— Work instruction —
Retype, word for word, every line starting at the line with "Shop Black Slim" and ending with the final line of the entries; skip the pictures.

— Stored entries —
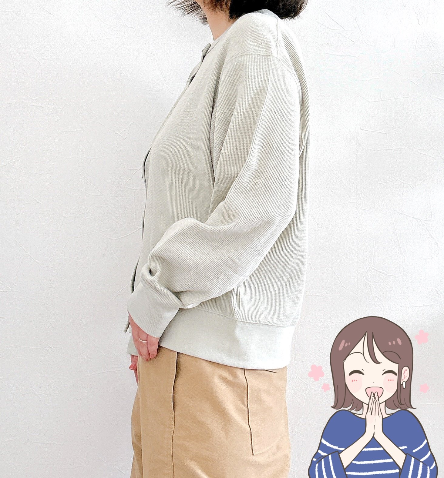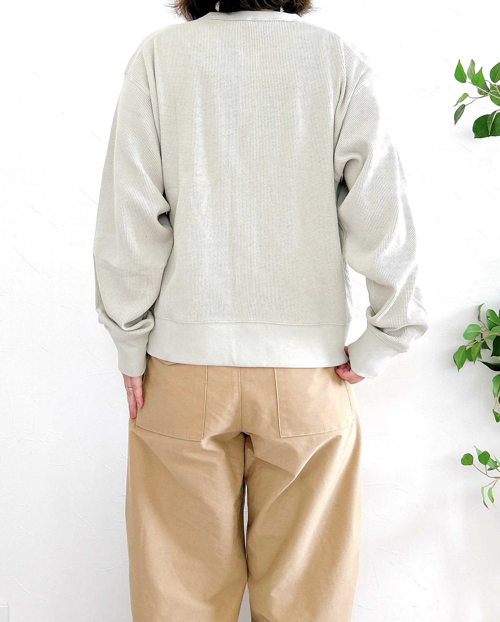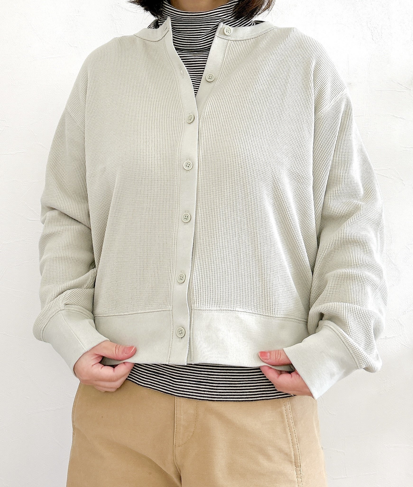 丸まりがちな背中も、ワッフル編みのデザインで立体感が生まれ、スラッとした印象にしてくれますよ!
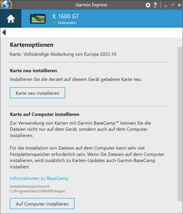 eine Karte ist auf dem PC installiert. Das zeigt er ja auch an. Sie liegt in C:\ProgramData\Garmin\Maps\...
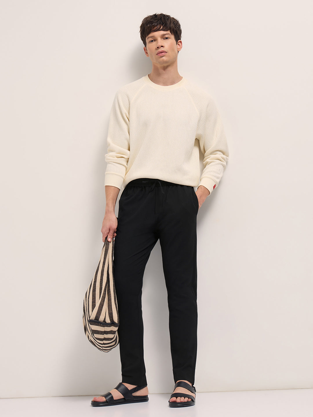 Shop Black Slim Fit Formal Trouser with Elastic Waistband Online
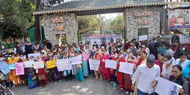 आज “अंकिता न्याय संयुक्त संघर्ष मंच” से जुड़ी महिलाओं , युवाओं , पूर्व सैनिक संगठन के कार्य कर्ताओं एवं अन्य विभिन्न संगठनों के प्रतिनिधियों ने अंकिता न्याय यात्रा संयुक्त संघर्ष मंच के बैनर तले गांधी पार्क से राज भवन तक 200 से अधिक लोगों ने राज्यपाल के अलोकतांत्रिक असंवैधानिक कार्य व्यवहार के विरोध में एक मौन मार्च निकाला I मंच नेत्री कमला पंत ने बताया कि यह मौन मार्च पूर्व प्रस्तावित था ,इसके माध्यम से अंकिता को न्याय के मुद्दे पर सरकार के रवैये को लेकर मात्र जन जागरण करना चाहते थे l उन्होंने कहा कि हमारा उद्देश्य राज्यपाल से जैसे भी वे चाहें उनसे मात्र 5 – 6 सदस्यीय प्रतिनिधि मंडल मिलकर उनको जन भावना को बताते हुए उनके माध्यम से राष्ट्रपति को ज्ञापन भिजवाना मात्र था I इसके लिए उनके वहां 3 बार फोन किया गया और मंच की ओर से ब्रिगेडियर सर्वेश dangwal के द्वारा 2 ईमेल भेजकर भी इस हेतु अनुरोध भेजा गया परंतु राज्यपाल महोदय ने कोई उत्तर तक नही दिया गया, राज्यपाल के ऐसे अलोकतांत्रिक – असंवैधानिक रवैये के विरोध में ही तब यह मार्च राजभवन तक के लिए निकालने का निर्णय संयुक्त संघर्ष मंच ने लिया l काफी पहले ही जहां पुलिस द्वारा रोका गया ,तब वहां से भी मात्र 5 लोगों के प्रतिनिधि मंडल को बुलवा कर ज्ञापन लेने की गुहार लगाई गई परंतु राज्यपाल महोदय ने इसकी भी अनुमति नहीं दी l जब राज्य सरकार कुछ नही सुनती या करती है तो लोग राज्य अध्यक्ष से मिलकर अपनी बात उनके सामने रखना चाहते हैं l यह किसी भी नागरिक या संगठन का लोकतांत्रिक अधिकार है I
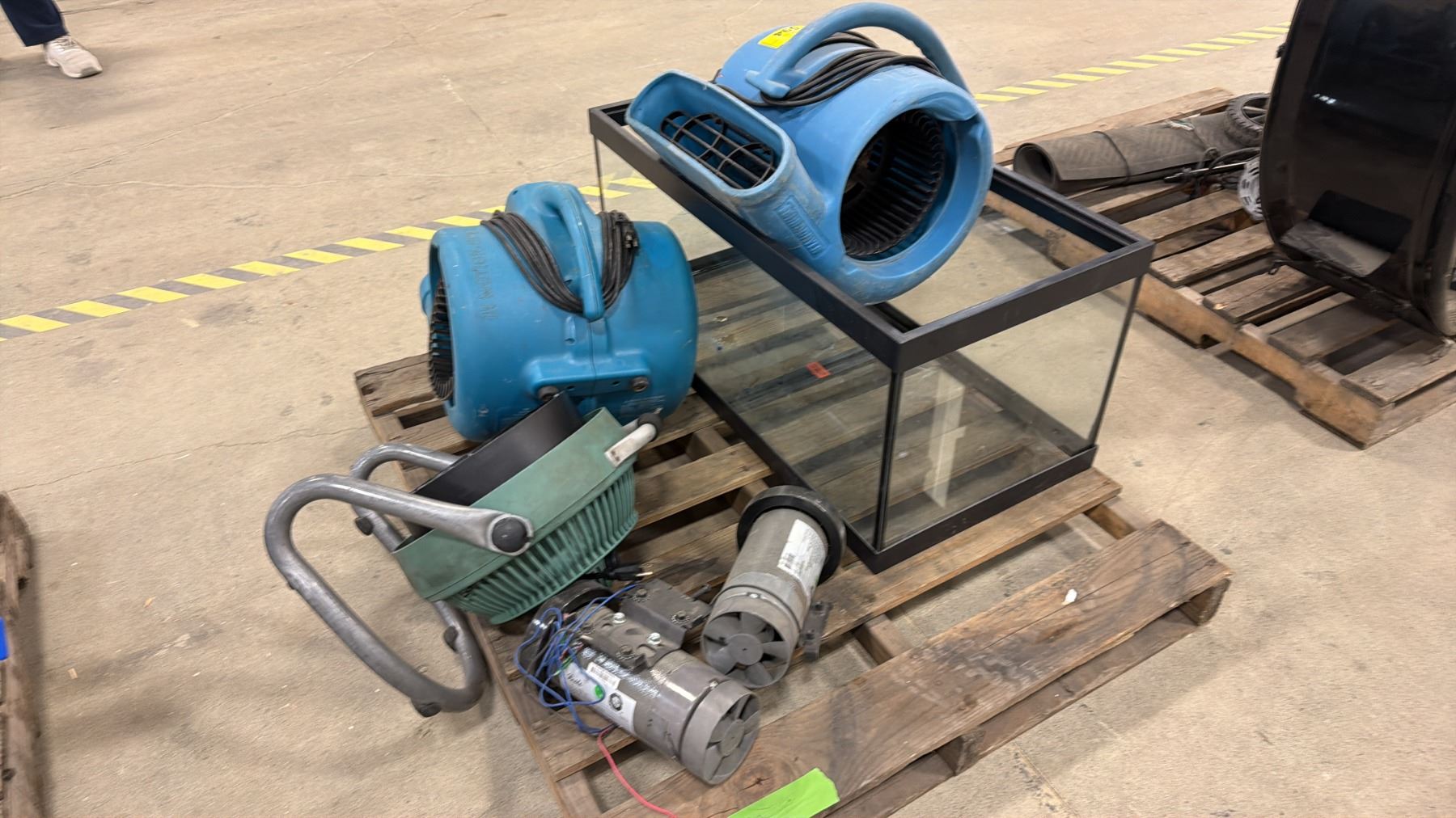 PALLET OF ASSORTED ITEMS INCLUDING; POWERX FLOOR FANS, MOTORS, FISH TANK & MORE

— Response —
 Shop Black Slim Fit Formal Trouser with Elastic Waistband Online
 आज “अंकिता न्याय संयुक्त संघर्ष मंच” से जुड़ी महिलाओं , युवाओं , पूर्व सैनिक संगठन के कार्य कर्ताओं एवं अन्य विभिन्न संगठनों के प्रतिनिधियों ने अंकिता न्याय यात्रा संयुक्त संघर्ष मंच के बैनर तले गांधी पार्क से राज भवन तक 200 से अधिक लोगों ने राज्यपाल के अलोकतांत्रिक असंवैधानिक कार्य व्यवहार के विरोध में एक मौन मार्च निकाला I मंच नेत्री कमला पंत ने बताया कि यह मौन मार्च पूर्व प्रस्तावित था ,इसके माध्यम से अंकिता को न्याय के मुद्दे पर सरकार के रवैये को लेकर मात्र जन जागरण करना चाहते थे l उन्होंने कहा कि हमारा उद्देश्य राज्यपाल से जैसे भी वे चाहें उनसे मात्र 5 – 6 सदस्यीय प्रतिनिधि मंडल मिलकर उनको जन भावना को बताते हुए उनके माध्यम से राष्ट्रपति को ज्ञापन भिजवाना मात्र था I इसके लिए उनके वहां 3 बार फोन किया गया और मंच की ओर से ब्रिगेडियर सर्वेश dangwal के द्वारा 2 ईमेल भेजकर भी इस हेतु अनुरोध भेजा गया परंतु राज्यपाल महोदय ने कोई उत्तर तक नही दिया गया, राज्यपाल के ऐसे अलोकतांत्रिक – असंवैधानिक रवैये के विरोध में ही तब यह मार्च राजभवन तक के लिए निकालने का निर्णय संयुक्त संघर्ष मंच ने लिया l काफी पहले ही जहां पुलिस द्वारा रोका गया ,तब वहां से भी मात्र 5 लोगों के प्रतिनिधि मंडल को बुलवा कर ज्ञापन लेने की गुहार लगाई गई परंतु राज्यपाल महोदय ने इसकी भी अनुमति नहीं दी l जब राज्य सरकार कुछ नही सुनती या करती है तो लोग राज्य अध्यक्ष से मिलकर अपनी बात उनके सामने रखना चाहते हैं l यह किसी भी नागरिक या संगठन का लोकतांत्रिक अधिकार है I
 PALLET OF ASSORTED ITEMS INCLUDING; POWERX FLOOR FANS, MOTORS, FISH TANK & MORE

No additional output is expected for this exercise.